Conquista de novos mercados e “moda” internacional faz produto típico da Amazônia explodir mundo afora. Produção tem aumentado, mas ritmo da oferta é menor do que a procura e entressafra potencializa escassez
Nos últimos anos, o açaí tornou-se conhecido mundialmente por suas propriedades energéticas, sendo um “embaixador da Amazônia”, reconhecido como um produto típico da região. Estão em andamento pesquisas que estudam os benefícios do seu consumo, assim como a versatilidade de sua aplicação, inclusive na indústria de fármacos e cosméticos. A alta procura internacional pelo produto ocorre ao mesmo tempo em que o consumo tradicional pelos moradores da Amazônia também só aumenta.
A descoberta global do produto na última década é refletida nos números, que comprovam o interesse internacional. Sozinho, o Estado do Pará representa mais de 94% das exportações de açaí do Brasil para o mundo. Nos últimos dez anos, o crescimento da exportação do produto paraense teve um salto vertiginoso: cresceu mais de 14.380% (quase 15 mil por cento). Passou de 41 toneladas exportadas em 2011 para o recorde de 5.937 toneladas em 2020. Em apenas um ano, entre 2019 e 2020, o crescimento foi de 51%. Em 2018, a exportação rompeu, pela primeira vez, a casa das 2 mil toneladas. Em 2019, foram 3,9 mil. E, em 2020, um novo salto.

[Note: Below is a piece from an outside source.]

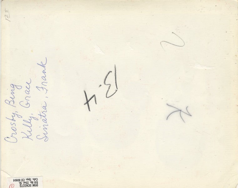 High Society 1956 Bing Crosby, Grace Kelly, Frank Sinatra Original 8x10 Silver Gelatin Photo Good Condition (1"tear left margin no paper loss, surface mark top right corner, wear to edges) This item is an ORIGINAL 8x10 photo from the historic archives of Silver Screen Mementos. This original photograph was made in the actual year the film, television show or event was produced. The movie studios produced publicity photographs for distribution to the press, photo agencies and publicity departments to advertise the film/tv show or event. Very often original photos have press release information on the reverse of the photo - movie credits, description of the scene, event and people involved. This is a historic piece of cinema art and is being offered from one collector to another, no rights given or implied. Silver Screen are gradually releasing thousands of Original Photographs, Transparencies, Negatives, Lobby Cards, Posters, Magazines and other memorabilia from our historic archive.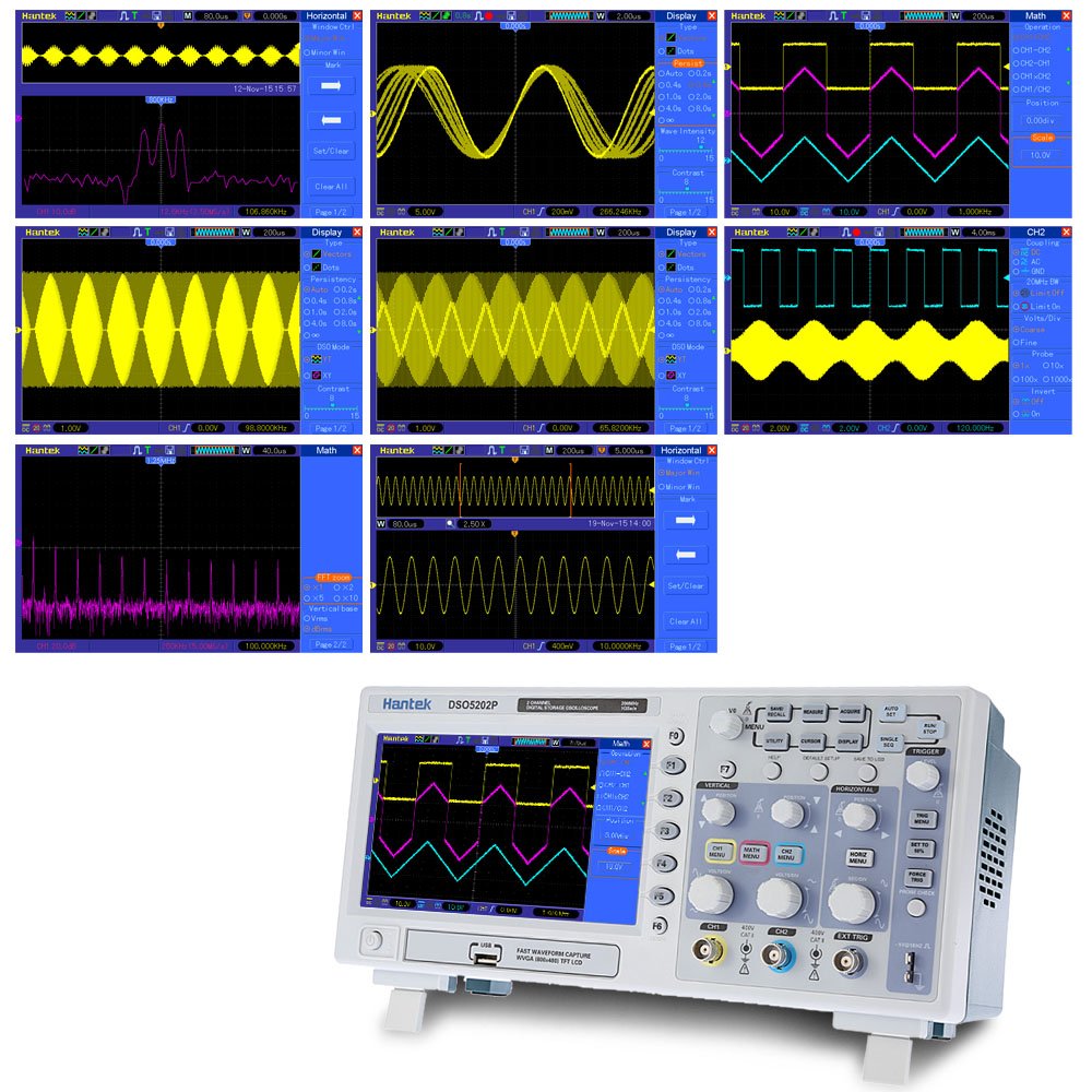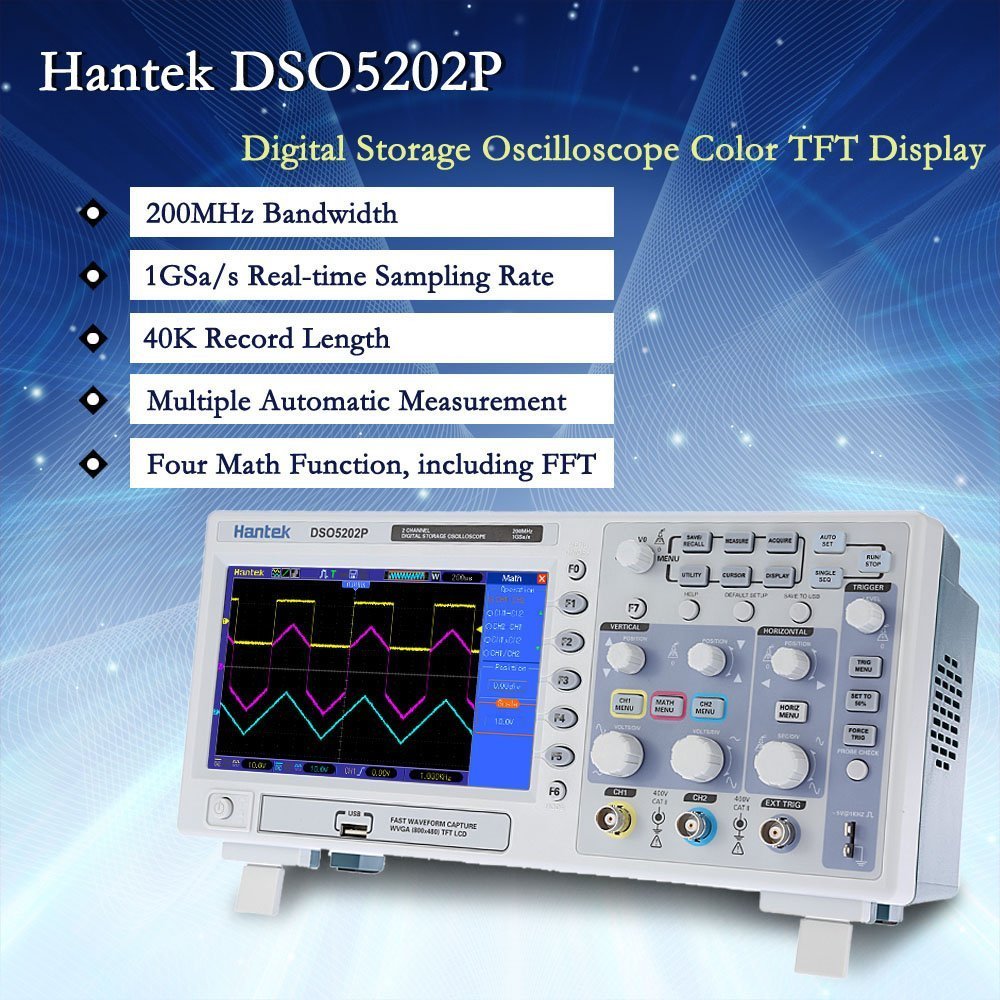 اسیلوسکوپ رومیزی هانتک مدل DSO5202P یک نوسان نمای بسیار محبوب از برند HANTEK می‌باشد که برای مهندسین ، آزمایشگاههای آزمون و آموزشگاهها، دانشگاهها و مدارس فنی و تعمیرکاران بسیار مناسب میباشد. فرکانس کاری این اسیلوسکوپ 200 مگاهرتز بوده و نرخ نمونه برداری آن 1 G.Sam/sec است.

O “problema” é que, além de maior produtor e exportador do fruto, o Pará é também o maior consumidor local do fruto no Brasil. O açaí é item indispensável da mesa do paraense no dia a dia, sendo consumido como acompanhamento da refeição ou sobremesa. Para quem não conhece, pode até parecer estranho comer peixe ou carne salgada, o “charque” com açaí, mas isso no Pará é tão natural quanto tomar um copo de água.
Esta semana, os profissionais que fazem o processamento do açaí para venda em pequenas quantidades, chamados de “batedores de açaí”, fizeram um protesto criticando a escassez e o alto preço do produto no mercado local. A entressafra, período em que a safra diminui por condições naturais, está mais rigorosa este ano. Mesmo com o aumento da produção, a alta procura para o mercado externo também teria impactado e potencializado a atual “crise do açaí”.
Segundo o coordenador da cadeia do açaí da Secretaria de Estado de Desenvolvimento Agropecuário e da Pesca (Sedap), Geraldo Tavares, o Pará observou crescimento na produção que abastece o mercado interno e externo. O Estado passou de 756,4 mil toneladas de açaí em 2010 para 1,3 milhão em 2019. Já a área plantada passou de 77,6 mil hectares para 188 mil hectares.
“É uma linha ascendente, por mais que tenhamos percalços no caminho”, afirma o agrônomo, referindo-se ao período de entressafra. Hoje, o Pará isolado na produção no país, com 94%, enquanto que o segundo o estado do Amazonas, registrou 67,7 mil toneladas em 2019.
Segundo o presidente do Sindicato das Indústrias de Frutas e Derivados do Estado do Pará (Sindfrutas), Reinaldo Mesquita, a entressafra prejudica o abastecimento interno de açaí, mas não impacta na exportação por conta do estoque congelado, feito pelas indústrias exportadoras. Para ele, a entressafra – e não a alta procura entre mercado interno e externo – que pode prejudicar o abastecimento do produto.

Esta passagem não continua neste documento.